◆ Work order ◆
For the entries below, the expected answer is the line with "ローカーボジャンキーおつまみシリーズを試してみました。 バジルチキン&こんにゃく ねぎ塩チキン&こ...", the line with "Rare 1898 Spanish", and every line between them, exactly as written, and nothing more.

[Stored data]

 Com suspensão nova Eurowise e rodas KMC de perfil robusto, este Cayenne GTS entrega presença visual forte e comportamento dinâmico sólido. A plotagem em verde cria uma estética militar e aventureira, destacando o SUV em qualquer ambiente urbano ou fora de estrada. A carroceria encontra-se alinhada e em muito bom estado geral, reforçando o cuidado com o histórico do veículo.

[/Stored data]
[Stored data]

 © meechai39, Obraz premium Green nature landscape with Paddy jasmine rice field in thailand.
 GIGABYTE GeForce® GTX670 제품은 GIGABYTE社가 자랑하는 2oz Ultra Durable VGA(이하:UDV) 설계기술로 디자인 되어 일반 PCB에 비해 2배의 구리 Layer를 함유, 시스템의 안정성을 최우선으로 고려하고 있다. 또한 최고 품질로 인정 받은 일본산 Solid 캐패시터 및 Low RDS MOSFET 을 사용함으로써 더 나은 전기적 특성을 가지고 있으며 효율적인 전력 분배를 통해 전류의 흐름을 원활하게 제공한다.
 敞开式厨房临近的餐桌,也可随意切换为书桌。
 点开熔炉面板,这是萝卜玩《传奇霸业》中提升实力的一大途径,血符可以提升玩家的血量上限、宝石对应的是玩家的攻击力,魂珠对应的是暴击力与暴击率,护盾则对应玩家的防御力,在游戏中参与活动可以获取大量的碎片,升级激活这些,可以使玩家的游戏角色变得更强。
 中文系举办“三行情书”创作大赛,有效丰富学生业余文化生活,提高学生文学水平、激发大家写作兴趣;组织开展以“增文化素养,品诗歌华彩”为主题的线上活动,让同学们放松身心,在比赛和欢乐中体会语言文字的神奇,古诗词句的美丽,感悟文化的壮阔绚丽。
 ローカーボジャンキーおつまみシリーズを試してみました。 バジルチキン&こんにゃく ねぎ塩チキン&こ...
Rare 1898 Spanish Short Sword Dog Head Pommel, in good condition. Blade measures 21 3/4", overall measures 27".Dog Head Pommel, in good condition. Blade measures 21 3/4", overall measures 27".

[/Stored data]

◆ Solution below ◆
 ローカーボジャンキーおつまみシリーズを試してみました。 バジルチキン&こんにゃく ねぎ塩チキン&こ...
Rare 1898 Spanish Short Sword Dog Head Pommel, in good condition. Blade measures 21 3/4", overall measures 27".Dog Head Pommel, in good condition. Blade measures 21 3/4", overall measures 27".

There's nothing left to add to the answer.